O
trabalho deixou de constituir uma protecção contra a pobreza, tendo-se
transformado num mecanismo de aprofundamento das desigualdades sociais". A
prova disto, sustenta o sociólogo Agostinho Rodrigues Silvestre, é que 12% dos
trabalhadores portugueses viviam abaixo do limiar de pobreza em 2010.
"O desemprego em Portugal cresceu de uma forma consistente entre 2000 e 2010, ou seja, numa década passou de 4% para 11% e o que a crise veio fazer foi apenas agudizar essa tendência", observa. "O que isto nos mostra é que o modo como as sociedades se organizaram a partir da revolução industrial, mas sobretudo a partir da II Guerra Mundial - em que o trabalho se consolidou como princípio organizador da vida individual e colectiva e foi proclamado como referência identitária e medida das permutas sociais - vai ter que sofrer uma profunda transformação".
Dito
doutro modo, a subsistência dos indivíduos terá que ser desligada do trabalho.

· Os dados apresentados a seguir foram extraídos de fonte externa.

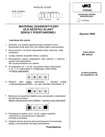 WPISUJE UCZEŃ miejsce POZNAŃ KOD UCZNIA DATA URODZENIA UZUPEŁNIA ZESPÓŁ NADZORUJĄCY dzień miesiąc rok MATERIAŁ DIAGNOSTYCZNY DLA SZÓSTEJ KLASY SZKOŁY PODSTAWOWEJ dysleksja Styczeń 2009 Instrukcja dla ucznia 1. Sprawdź, czy zestaw egzaminacyjny zawiera 8 stron. Ewentualny brak stron lub inne usterki zgłoś nauczycielowi. 2. Na tej stronie i na karcie odpowiedzi wpisz swój kod i datę urodzenia. 3. Czytaj uwaŜnie wszystkie teksty i zadania. Czas pracy: 60 minut 4. Rozwiązania zapisuj długopisem albo piórem z czarnym tuszem lub atramentem. Nie uŜywaj korektora ani ołówka. 5. W zadaniach od 1. do 20. są podane cztery odpowiedzi: A, B, C, D. Odpowiada im następujący układ kratek na karcie odpowiedzi: A B C D 6. Wybierz tylko jedną odpowiedź i zamaluj kratkę z odpowiadającą jej literą – np. gdy wybrałeś odpowiedź „A”: A B C D 7. Staraj się nie popełniać błędów przy zaznaczaniu odpowiedzi, ale jeśli się pomylisz, błędne zaznaczenie otocz kółkiem i zaznacz inną odpowiedź. A B C D 8. Rozwiązania zadań od 21. do 24. zapisz czytelnie i starannie w wyznaczonych miejscach. Pomyłki przekreślaj. 9. Ostatnia strona arkusza jest przeznaczona na brudnopis. Zapisy w brudnopisie nie będą sprawdzane. Powodzenia. Liczba punktów do uzyskania: 40 W sadzie i w ogrodzie Tekst do zadań od 1. do 4. Sadownictwo to dział gospodarstwa wiejskiego, zajmujący się produkcją owoców jadalnych w sadach (np. jabłonie, grusze, śliwy, wiśnie), gajach (np. oliwki, drzewa cytrusowe), na plantacjach (np. porzeczki, truskawki); takŜe nauka o hodowli i uprawie roślin sadowniczych. Wzmianki o uprawie drzew owocowych znajdują się juŜ w najstarszych źródłach chińskich i egipskich. W Ŝywieniu staroŜytnych ludów śródziemnomorskich waŜną rolę odgrywały daktyle, oliwki, figi, winogrona i granaty. Od dawna owoce spoŜywano takŜe na terenie Polski - świadczą o tym nasiona znajdowane w wykopaliskach z okresu kamienia i brązu. Sadownictwo przez długi czas wchodziło w zakres rzemiosła ogrodniczego, rozwijającego się pomyślnie zwłaszcza w XVII i XVIII wieku we Francji i Anglii, gdzie rozpowszechniły się sady drzew karłowatych1, stosowano równieŜ róŜne sposoby szczepienia, cięcia i formowania koron drzew. Rozwój sadownictwa jako nauki rozpoczął się w drugiej połowie XIX wieku. Dzięki temu, Ŝe poznano biologiczne podstawy krzyŜowania roślin, powstało wiele nowych odmian drzew owocowych. W 1913 roku utworzono w Wielkiej Brytanii pierwszy w Europie instytut sadownictwa. W Polsce rozwój sadownictwa jako nauki nastąpił przed I wojną światową, ale juŜ po II wojnie światowej tą nauką zajmowano się we wszystkich wyŜszych uczelniach rolniczych, a takŜe w Instytucie Sadownictwa załoŜonym w 1951r. w Skierniewicach. Na podstawie: Nowa encyklopedia powszechna PWN, Warszawa 1998, t.5, s.689. 1. Jakie owoce odgrywały waŜną rolę w Ŝywieniu staroŜytnych zamieszkujących tereny połoŜone wokół Morza Śródziemnego? A. Wiśnie, jabłka i gruszki. B. Jabłka, czereśnie i śliwki. C. Porzeczki, truskawki i maliny. D. Winogrona, daktyle i oliwki. 2. Które ze znaczeń wyrazu sadownictwo jest prawdziwe? Sadownictwo to A. nauka o zakładaniu i pielęgnowaniu sadów. B. dział literatury o sposobach przetwarzania owoców. C. szczególne zamiłowanie do pielęgnacji sadów. D. dział rolnictwa zajmujący się uprawą roślin kwiatowych. 3. Pierwszy instytut sadownictwa w Europie utworzono w A. drugiej połowie XVIII wieku. B. pierwszej połowie XIX wieku. C. pierwszej połowie XX wieku. D. drugiej połowie XX wieku. 4. Wiele nowych odmian drzew owocowych powstało, dlatego Ŝe A. zastosowano róŜne sposoby cięcia gałęzi. B. zaczęto uŜywać środków ochrony roślin. C. poznano podstawy krzyŜowania roślin. D. rozpowszechniono sadzonki drzew karłowatych. 1 2 Karłowaty – drzewa karłowate – w sadownictwie: niskie drzewa owocowe. ludów, 5. Znaczenie wyrazu karłowaty znajdziesz w słowniku A. ortograficznym. B. języka polskiego. C. terminów literackich. D. frazeologicznym. Tekst do zadań od 6. do 9. [1] [2] [3] [4] [5] [6] [7] [8] [9] [10] [11] [12] [13] Przyleciał, zagwizdał szpak. Zaraz ci powiem, co i jak. – Czereśni – zawołał – czereśni nie moŜna zrywać za wcześnie, lecz w sam czas! Czerwiec w słońcu je rumieni, co dzień dodaje czerwieni. Gdy dojrzałe, słodkie kiście zamigocą pośród liści, ja dam znak. Z dawna ptaki głoszą w pieśniach, Ŝe najlepiej na czereśniach zna się szpak! M. Czerkawska, Czereśnie,[w:] M. Czerkawska, śółte chodaczki, Warszawa 1986. 6. W zdaniu Zaraz ci powiem, co i jak ujawnia się A. mówiący szpak. B. podmiot mówiący. C. rumiana czereśnia. D. autorka utworu. 7. Czerwiec został ukazany w wierszu jako A. malarz. B. muzyk. C. ogrodnik. D. lotnik. 8. Określenie w sam czas oznacza, Ŝe czereśnie naleŜy zrywać, A. kiedy rozpocznie się gorące lato. B. gdy w pieśniach ogłoszą to ptaki. C. kiedy będą dojrzałe i słodkie. D. gdy poeta napisze o tym wiersz. 9. Fragment od 3. do 10. wersu jest A. opowiadaniem o sadzie. B. barwnym opisem szpaka. C. dialogiem szpaka i czereśni. D. wypowiedzią (monologiem) szpaka. 10. Które wyrazy się nie rymują? A. Szpak – jak. B. Czas – znak. C. Rumieni – czerwieni. D. Pieśniach – czereśniach. 3 11. W zdaniu Na czereśniach zna się szpak wykorzystano A. epitet. B. przenośnię. C. porównanie. D. wyrazy dźwiękonaśladowcze. 12. W którym zdaniu wyraz owoc został uŜyty w znaczeniu przenośnym? A. Wiele zwierząt Ŝywi się przede wszystkim owocami. B. Drzewa uginały się pod cięŜarem owoców. C. Oszczędności były owocem wielu wyrzeczeń. D. Dojrzałe owoce wiśni zawieziono do chłodni. Tekst do zadań od 13. do 15. sad m III, D. –u, Ms. sadzie; lm M. –y «teren, na którym zostały zasadzone drzewa i krzewy owocowe; ogród owocowy»: Sad wiśniowy. Zbierać owoce w sadzie. Słownik języka

"O próprio sistema de protecção social está muito ligado à posição que o
indivíduo ocupa no sistema produtivo e a ideia que tem vindo a ganhar
consistência, nalguns movimentos intelectuais e nalgumas linhas de
investigação, é que esta lógica terá que ser substituída por aquilo a que se
tem chamado rendimento médio de cidadania, a atribuir a cada cidadão
independentemente da posição que este ocupa no sistema produtivo".
De
onde viria o dinheiro? "Por via de uma reformulação total do sistema de
Segurança Social, isto é, pela canalização dos recursos afectos a abonos de
família, reformas, etecetera, para esse rendimento médio. É uma ideia polémica,
mas há cálculos que demonstram que 80% do que se gasta hoje com essa
proliferação de apoios chegariam para pagar a todos os cidadãos com mais de 18
anos esse rendimento médio, cujo valor teria que ser discutido, não ao nível de
Portugal ou Espanha, mas de toda a Europa e até do mundo ocidental",
admite o sociólogo.
Considera
que, independentemente do que vier a seguir, o que o Estado não pode, numa
altura em que a precariedade laboral se generalizou, é continuar a atirar o
ónus do desemprego para as costas dos cidadãos: "O Estado põe no indivíduo
a responsabilidade de procurar emprego, o que, numa altura em que o trabalho
entrou em desordem mas continua a habitar a ordem social, pode significar forçar
os cidadãos a procurar uma coisa que não existe".